# RECORDS TO PROCESS
━━━

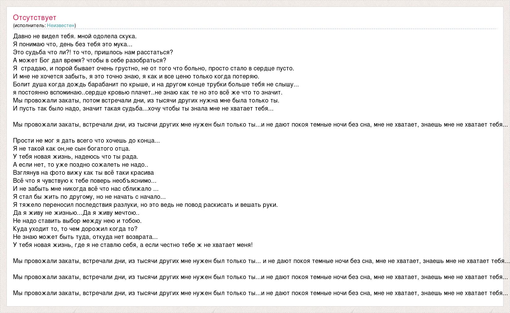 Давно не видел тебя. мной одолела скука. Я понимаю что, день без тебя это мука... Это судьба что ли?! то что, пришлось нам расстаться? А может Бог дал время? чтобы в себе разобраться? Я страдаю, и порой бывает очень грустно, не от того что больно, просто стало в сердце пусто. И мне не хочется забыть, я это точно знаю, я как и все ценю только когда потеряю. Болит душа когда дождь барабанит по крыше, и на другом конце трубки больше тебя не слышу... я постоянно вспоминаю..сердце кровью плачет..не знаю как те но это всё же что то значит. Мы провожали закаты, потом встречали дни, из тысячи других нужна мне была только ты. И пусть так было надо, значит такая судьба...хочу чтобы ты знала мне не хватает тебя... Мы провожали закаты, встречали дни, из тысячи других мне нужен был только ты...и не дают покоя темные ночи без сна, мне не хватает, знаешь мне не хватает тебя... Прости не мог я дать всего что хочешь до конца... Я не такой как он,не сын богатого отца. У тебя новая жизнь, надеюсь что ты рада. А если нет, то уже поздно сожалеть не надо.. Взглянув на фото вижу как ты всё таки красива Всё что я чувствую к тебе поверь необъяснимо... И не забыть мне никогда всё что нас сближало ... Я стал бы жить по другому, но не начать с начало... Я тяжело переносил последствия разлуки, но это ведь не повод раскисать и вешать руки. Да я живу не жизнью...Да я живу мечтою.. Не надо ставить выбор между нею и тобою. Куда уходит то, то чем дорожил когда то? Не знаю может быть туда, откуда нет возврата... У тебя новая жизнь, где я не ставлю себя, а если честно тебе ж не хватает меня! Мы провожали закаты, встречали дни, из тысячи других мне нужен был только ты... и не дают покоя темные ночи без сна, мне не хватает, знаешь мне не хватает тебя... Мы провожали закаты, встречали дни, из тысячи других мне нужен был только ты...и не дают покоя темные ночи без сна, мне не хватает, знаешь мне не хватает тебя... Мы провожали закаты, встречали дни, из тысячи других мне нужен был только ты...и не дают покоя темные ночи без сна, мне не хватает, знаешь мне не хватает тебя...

━━━

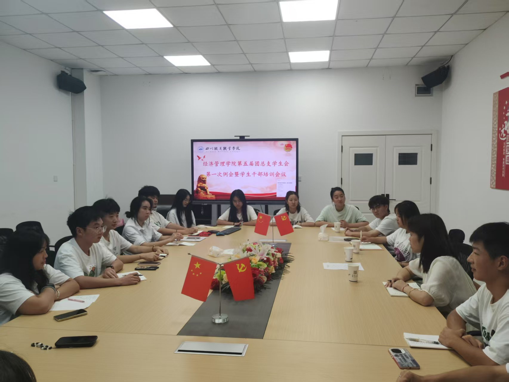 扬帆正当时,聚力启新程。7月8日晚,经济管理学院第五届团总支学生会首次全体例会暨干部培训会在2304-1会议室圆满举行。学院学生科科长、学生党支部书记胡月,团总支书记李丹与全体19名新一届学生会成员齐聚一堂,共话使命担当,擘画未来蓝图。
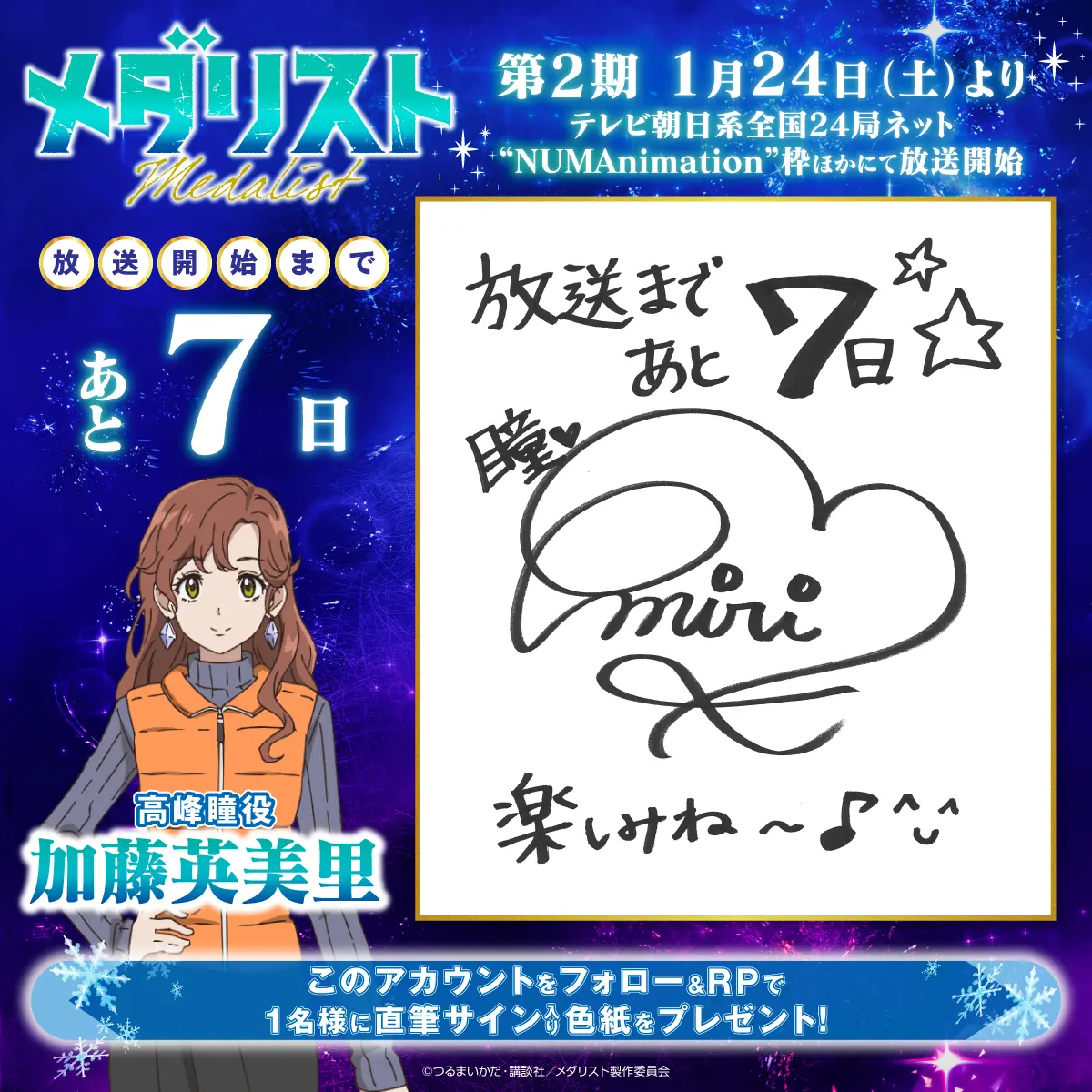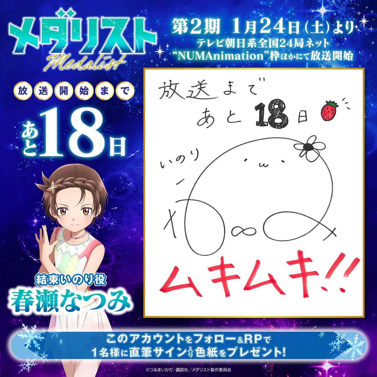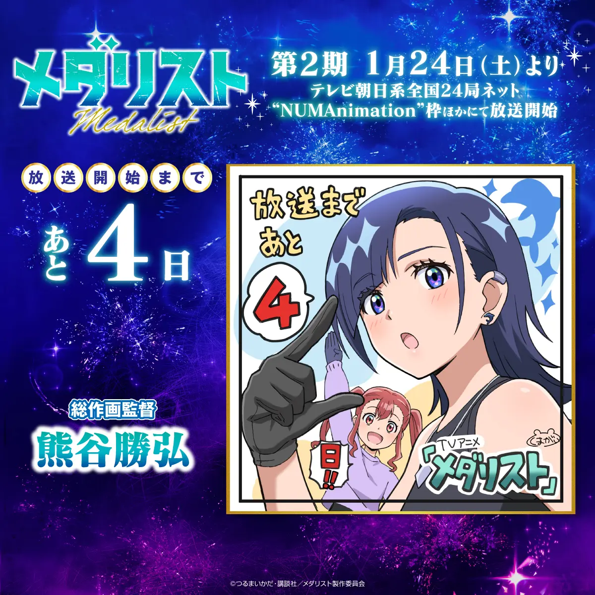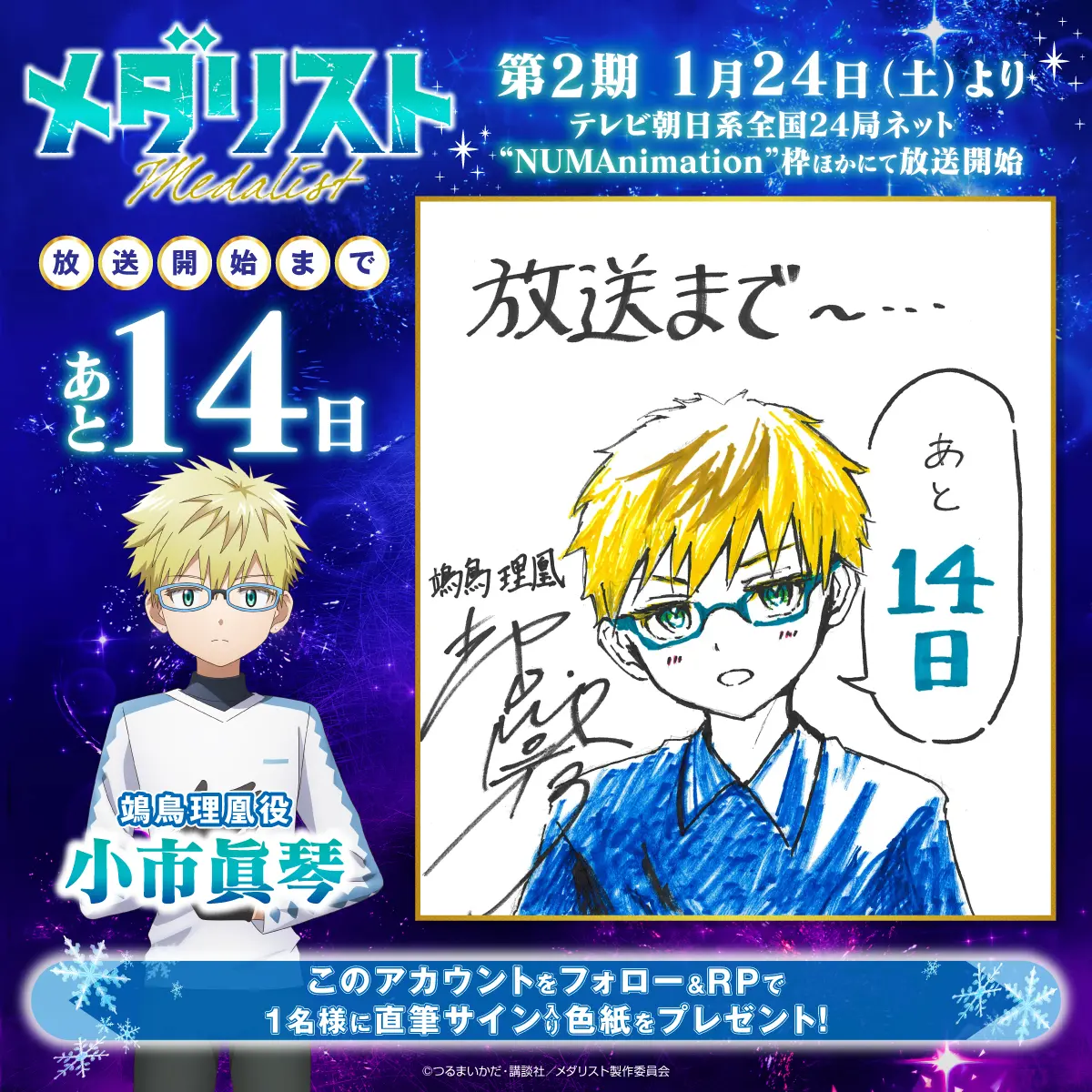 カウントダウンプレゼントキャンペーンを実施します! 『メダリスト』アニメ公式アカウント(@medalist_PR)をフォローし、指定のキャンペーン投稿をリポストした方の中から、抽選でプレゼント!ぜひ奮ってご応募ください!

━━━

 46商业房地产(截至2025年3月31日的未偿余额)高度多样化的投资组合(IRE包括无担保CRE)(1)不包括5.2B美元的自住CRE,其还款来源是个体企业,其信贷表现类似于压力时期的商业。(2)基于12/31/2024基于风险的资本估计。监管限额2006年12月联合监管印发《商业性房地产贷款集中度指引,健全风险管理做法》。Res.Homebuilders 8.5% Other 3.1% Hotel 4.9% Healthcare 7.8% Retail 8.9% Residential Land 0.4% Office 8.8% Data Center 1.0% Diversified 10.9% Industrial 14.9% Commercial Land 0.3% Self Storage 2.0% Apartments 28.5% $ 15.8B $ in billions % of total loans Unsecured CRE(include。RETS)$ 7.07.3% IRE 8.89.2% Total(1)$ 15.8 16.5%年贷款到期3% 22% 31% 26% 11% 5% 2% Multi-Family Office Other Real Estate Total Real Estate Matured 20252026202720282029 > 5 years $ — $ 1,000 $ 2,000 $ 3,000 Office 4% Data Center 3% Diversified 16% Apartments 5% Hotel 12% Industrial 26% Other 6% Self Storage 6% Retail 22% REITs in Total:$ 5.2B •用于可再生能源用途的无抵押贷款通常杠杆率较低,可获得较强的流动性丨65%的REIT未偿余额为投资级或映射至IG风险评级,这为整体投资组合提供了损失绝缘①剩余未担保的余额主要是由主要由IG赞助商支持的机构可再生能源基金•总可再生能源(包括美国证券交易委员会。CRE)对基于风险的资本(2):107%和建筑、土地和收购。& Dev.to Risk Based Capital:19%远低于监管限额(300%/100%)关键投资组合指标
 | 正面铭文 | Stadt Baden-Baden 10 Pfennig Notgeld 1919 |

━━━

# ASSIGNMENT
Set down again, exactly, every line above from the one with "扬帆正当时,聚力启新程。7月" down to the one with "カウントダウンプレゼントキャ", both ends included. No pictures, and nothing else.

# FINISHED EXERCISE
 扬帆正当时,聚力启新程。7月8日晚,经济管理学院第五届团总支学生会首次全体例会暨干部培训会在2304-1会议室圆满举行。学院学生科科长、学生党支部书记胡月,团总支书记李丹与全体19名新一届学生会成员齐聚一堂,共话使命担当,擘画未来蓝图。
 カウントダウンプレゼントキャンペーンを実施します! 『メダリスト』アニメ公式アカウント(@medalist_PR)をフォローし、指定のキャンペーン投稿をリポストした方の中から、抽選でプレゼント!ぜひ奮ってご応募ください!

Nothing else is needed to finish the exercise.